Liquidazione IVA: le operazioni per la liquidazione e il versamento dell’imposta sul valore aggiunto per i contribuenti soggetti passivi IVA


La liquidazione IVA è l’operazione che i soggetti passivi IVA effettuano mensilmente o trimestralmente per determinare il debito o il credito d’imposta, rispettivamente da versare all’erario o da riportare al periodo successivo.

Prima di passare alla guida analitica, con esempi pratici di liquidazione dell’IVA vediamo in cosa consiste e come si eseguono le operazioni di acquisto e di vendita da cui scaturisce l’IVA a credito e a debito.

Liquidazione IVA: operazioni di acquisto e di vendita

I contribuenti effettuano operazioni di acquisto e operazioni di vendita.
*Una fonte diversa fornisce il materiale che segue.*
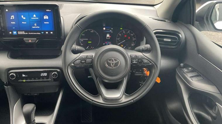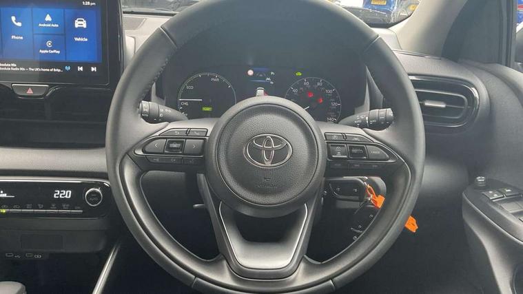 4.2" coloured TFT multi information display with analogue speedometer, Adaptive cruise control, Adjustable speed limit with speed warning, Bluetooth connectivity, E-call, Electric power steering, Hybrid energy display, Lane trace assist, Multi information display switches on steering wheel, Pre-collision system (PCS), Reversing camera, Smartphone integration with Apple CarPlay and Android auto, Tailgate, Voice recognition, Vehicle Stability Control (VSC), 4 speakers, 9" Multimedia touch display, Toyota Touch 3 system with DAB radio, USB connection, Acoustic windscreen glass, Auto high beam assist, Auto windscreen wipers, Automatic headlights, Body coloured door mirrors, Bulb indicators, Chequered front grille, Daytime running lights, Electric adjustable heated door mirrors, Follow me home headlights, Front auto power windows with anti jam protection, Front halogen fog lights, Halogen projector headlights, LED High mounted stop lamp, Manual headlight levelling, Rain sensor, Rear auto power windows with anti jam protection, Rear roof spoiler, Rear side wing doors, Rear wiper, Shark fin antenna, Turning signal integrated indicators in door mirrors, Variable front intermittent wipers, 3 adjustable rear headrests, 3 seat bench in 2nd row, 3 spoke leather steering wheel, 60/40 split folding rear seat, Active headrests, Adjustable boot height, Auto air conditioning, Coat hooks in rear grab handles, Cup holders (2 front & door), Data Communication Module (DCM) connected services, Fabric upholstery, Front armrest, Glovebox, Grey roof lining, Height adjustable driver's seat, Isofix seat fixing, Leather gearshift, Pollen filter, Shopping bag hooks, Single front passenger seat, Tilt/telescopic steering column, 3 point seatbelts on all rear seats, ABS+EBD+Brake assist, Electronic parking brake, Emergency brake light system (EBS), Front passenger airbag on/off switch, Front seatbelt reminder, Hill start assist control (HAC), Rear child proof door locks, Rear seat belt reminder, Supplemental Restraint System (SRS) 8 airbags: Driver & passenger's airbags, dual side curtain airbags, side impact airbags, front centre airbag, Toyota Safety Sense 3 with over the air updates, Tyre pressure warning system, 2x Master key, Alarm/immobiliser, Remote powered central double locking doors, Soft touch instrument panel, 16" 5 spoke silver finish alloy wheels, Space saver spare wheel,

Attraverso gli acquisti si genera un credito IVA. Nel momento in cui infatti un’azienda acquista e poi paga la merce acquistata, essa corrisponde al fornitore:

  1. il valore imponibile (che è il costo per l’azienda compratrice)
  2. il valore dell’IVA (che l’azienda compratrice versa al fornitore e che poi a sua volta la verserà all’erario).

Le operazioni di vendita invece generano un debito IVA. Quando l’azienda vende i propri beni o servizi, al momento dell’incasso essa riceve:

  1. il valore imponibile (che è il ricavo per l’azienda venditrice)
  2. il valore dell’IVA che dovrà essere poi corrisposto all’erario.

Con la liquidazione IVA, quindi, l’azienda calcola tutta l’IVA a credito, derivante dalle operazioni di acquisto facendo riferimento alle fatture ricevute dai fornitori, e tutta l’IVA a debito, derivante dalle operazioni di vendita facendo riferimento alle fatture emesse ai clienti.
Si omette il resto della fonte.